El candidato de ERC es el artífice del giro de su partido hacia un referendo pactado para llegar a la independencia
12 may 2024 . Actualizado a las 05:00 h.Pere Aragonès (Pineda, 1982) creció a la sombra de Junqueras en la Consejería de Economía, desde donde vivió el 1-O sin contaminarse y colaboró en la aplicación del 155. A los 16 años entró en las juventudes de ERC y a los 24, ya licenciado en Derecho, era diputado. Ese ADN político, con mutaciones, le viene de familia. Su abuelo fue un alcalde franquista que se enriqueció con la hostelería y el textil. Su padre fue concejal de CiU, y él salió independentista, de izquierdas y republicano.

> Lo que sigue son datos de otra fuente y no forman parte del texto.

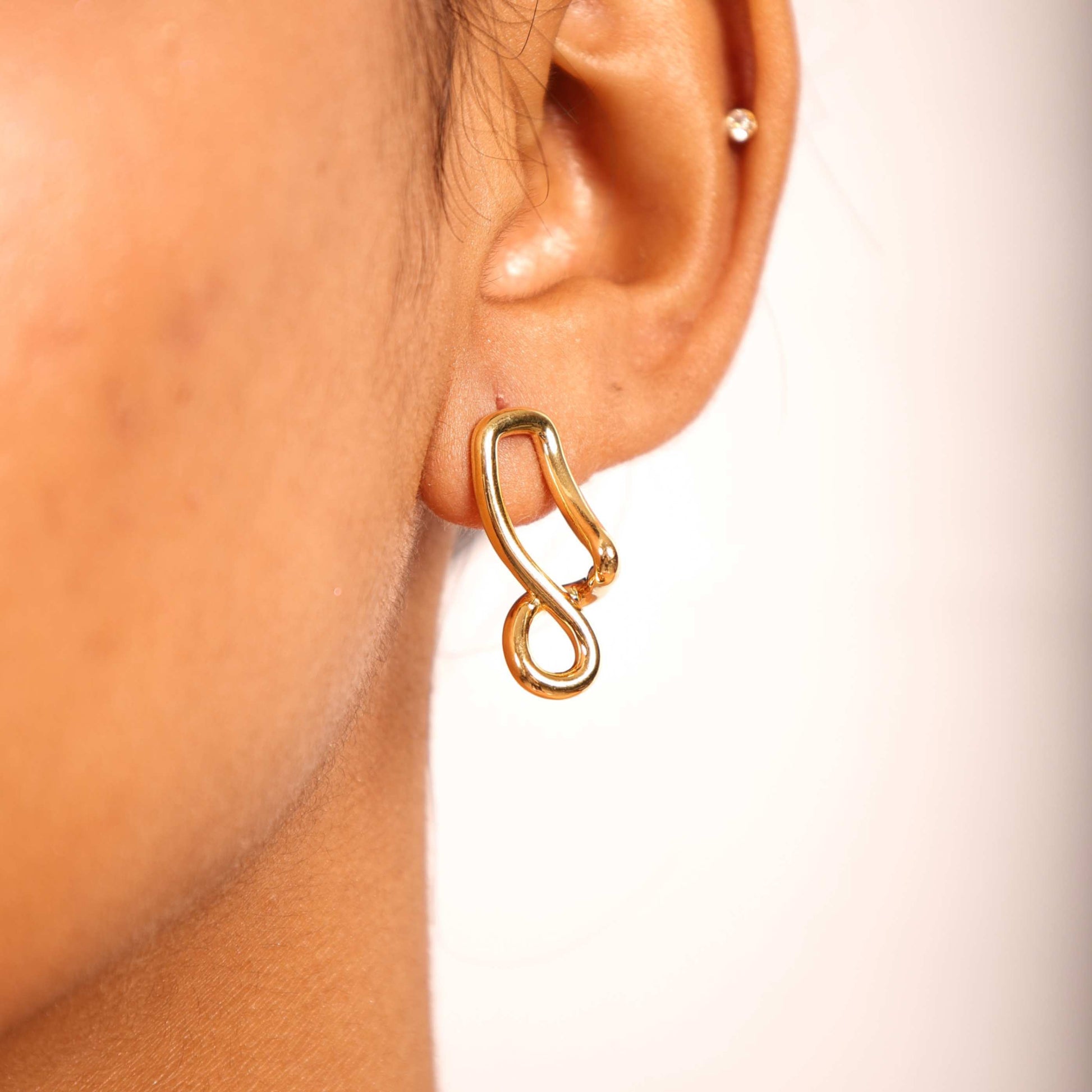 Embrace a modern, artistic aesthetic with Miapia’s Fluid Loop Earrings. These earrings, crafted in vermeil gold over sterling silver, feature a dynamic open-loop design, exuding contemporary charm and effortless sophistication. Lightweight and versatile, they are perfect for day-to-night transitions or adding a touch of intrigue to minimalistic outfits. Celebrate the art of sustainable luxury with Miapia’s exquisite demi-fine jewellery collection.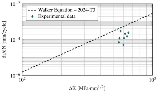 where and denote the crack length and the number of cycles of the n-th point, respectively. Given that the crack growth rate is an average over an increment (), the average crack size is adopted to calculate []. Thus, the crack growth rate along with the stress intensity range are obtained from the experimental results and are shown in Figure 10. These data are compared to the Walker crack growth equation [] adopting the parameters for a 2024-T3 clad and bare aluminum sheet, L-T (M2EA11AB1) []. It is noticeable from Figure 10 that the fatigue properties obtained from the experiments are relatively close to those available in the literature, considering the high variability that is typically manifested in fatigue tests []. This similarity is obtained even though (1) the fatigue tests do not strictly follow the ASTM E647 recommendations in terms of specimen aspect ratio; and (2) the data from the Walker equation is for an aluminum material with a different heat treatment than the one used in the tests.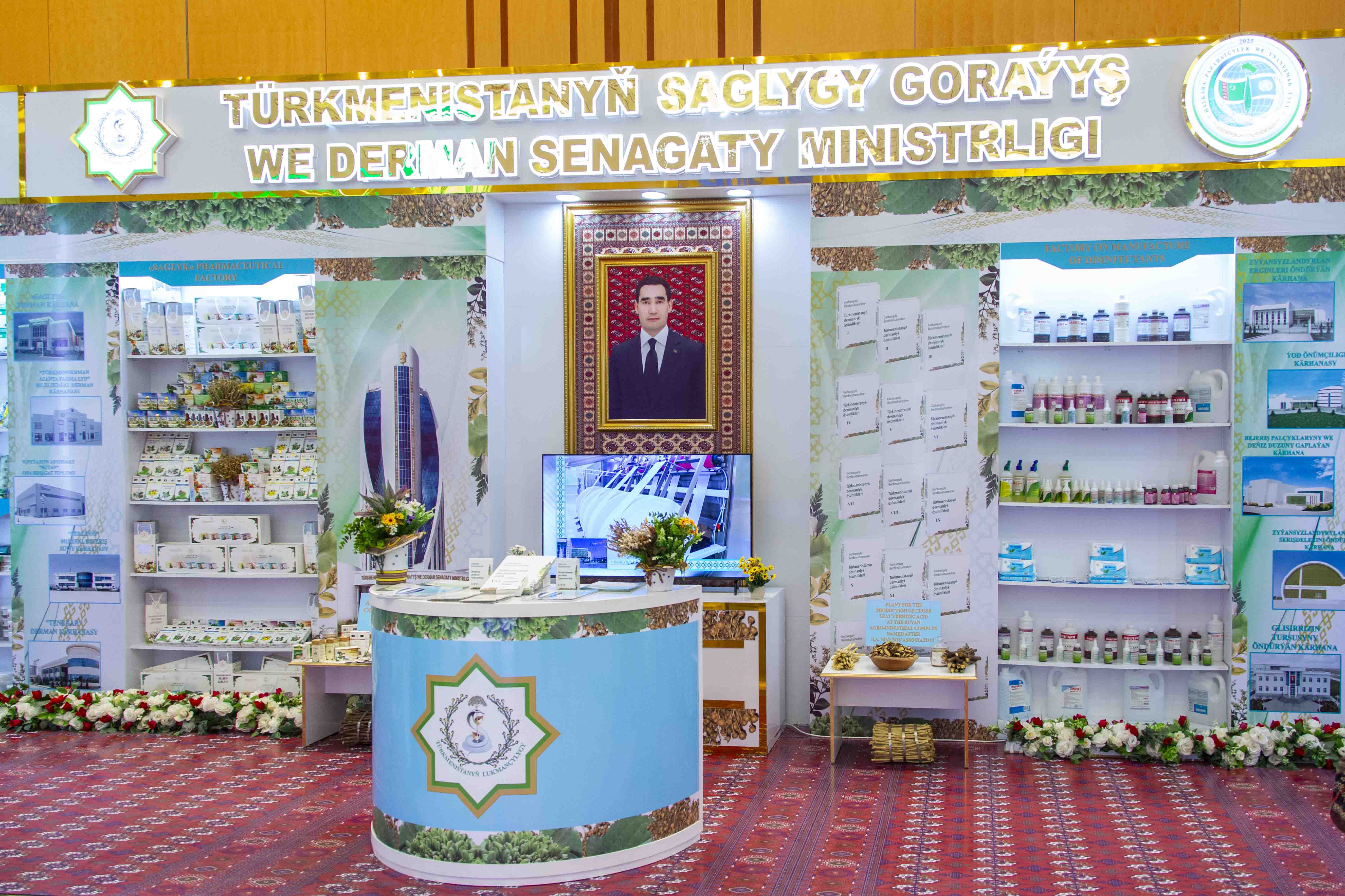 Türkmenistanyň Saglygy goraýyş we derman senagaty ministrliginiň sergi diwarlygynda ýurdumyzda öndürilýän dermanlaryň we lukmançylyk serişdeleriniň dürli görnüşleri görkezilýär. Döwlet maksatnamalaryny amala aşyrmagyň çäklerinde soňky ýyllarda ýerli çig mallardan bejeriş serişdelerini öndürmek boýunça täze kärhanalar açyldy. Bu ýerde Gahryman Arkadagymyzyň “Türkmenistanyň dermanlyk ösümlikleri” atly köp jiltli ylmy-ensiklopedik kitaplarynda beýan edilýän dermanlyk ösümliklerden taýýarlanan melhemlik çaýlar myhmanlara hödür edilýär.
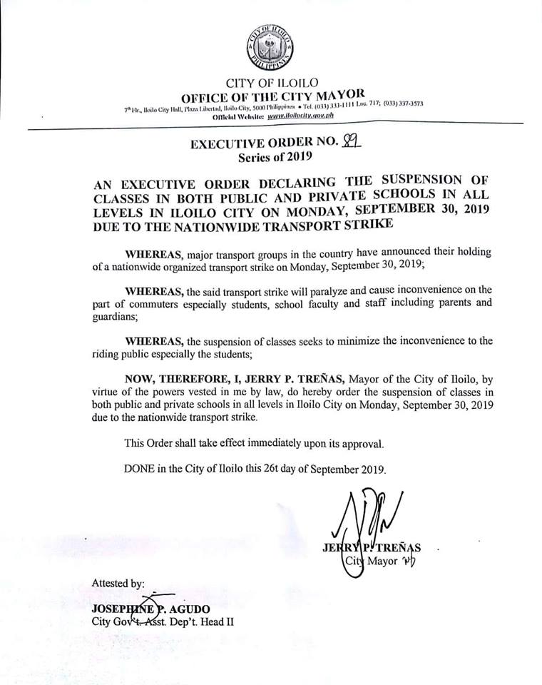 NOW, THEREFORE, I, JERRY P. TREÑAS, Mayor of the City of Iloilo, by virtue of the powers vested in me by law do hereby order the suspension of classes in both public and private schools in all levels in Iloilo City on Monday, September 30, 2019 due to the nationwide transport strike.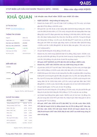 NT2: Khuyến nghị KHẢ QUAN với giá mục tiêu 29,500 đồng/cổ phiếuNguồn: ABS Tải về 27/01/2026 |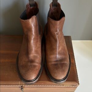Elegant tan leather boots with a sleek design. Comfortable and durable for everyday wear.

Con 38 años, en el 2021 fue elegido presidente de la Generalitat por ERC, Junts —a regañadientes y sin el aval de Puigdemont— y la CUP. Pero su Gobierno siempre fue débil. De ello se encargó Junts. Primero al desgastarlo durante los tres meses de la negociación de la investidura, después desde la Generalitat y, finalmente, en octubre del 2022 rompiendo la coalición de gobierno, porque nunca digirieron bien el sorpasso de ERC. Aragonès presume de haber arrancado al Gobierno los indultos para los condenados por el procés. Pero fue un éxito efímero. La amnistía conquistada gracias a Junts los supera. Y poco más. Ni transferencias materializadas que vender, ni mejoría en la educación ni en la economía. Aunque ERC no gana unas autonómicas desde 1980 y para hoy los sondeos auguran otro tanto, el reto es revalidar en la Generalitat. La división en el partido y con Junqueras lo hacen difícil. Si gana el PSC, podría a todo más entrar en el Gobierno. El tecnócrata Aragonès, que no supo ver ni gestionar la sequía que sufre Cataluña, prefiere la cocina y la política más que el deporte de fuerza al que le arrastra Junts, al que aspira a superar y con el que a día de hoy parece imposible recuperar la alianza independentista. Entre otras cosas, porque el nieto del alcalde franquista, que imita con humor y destreza a otros políticos, es el artífice del giro de ERC hacia un referendo pactado para llegar a la independencia. Su apuesta por el diálogo sirvió para calmar ánimos, levantar ampollas en ERC y cederle el discurso más grueso a Junts.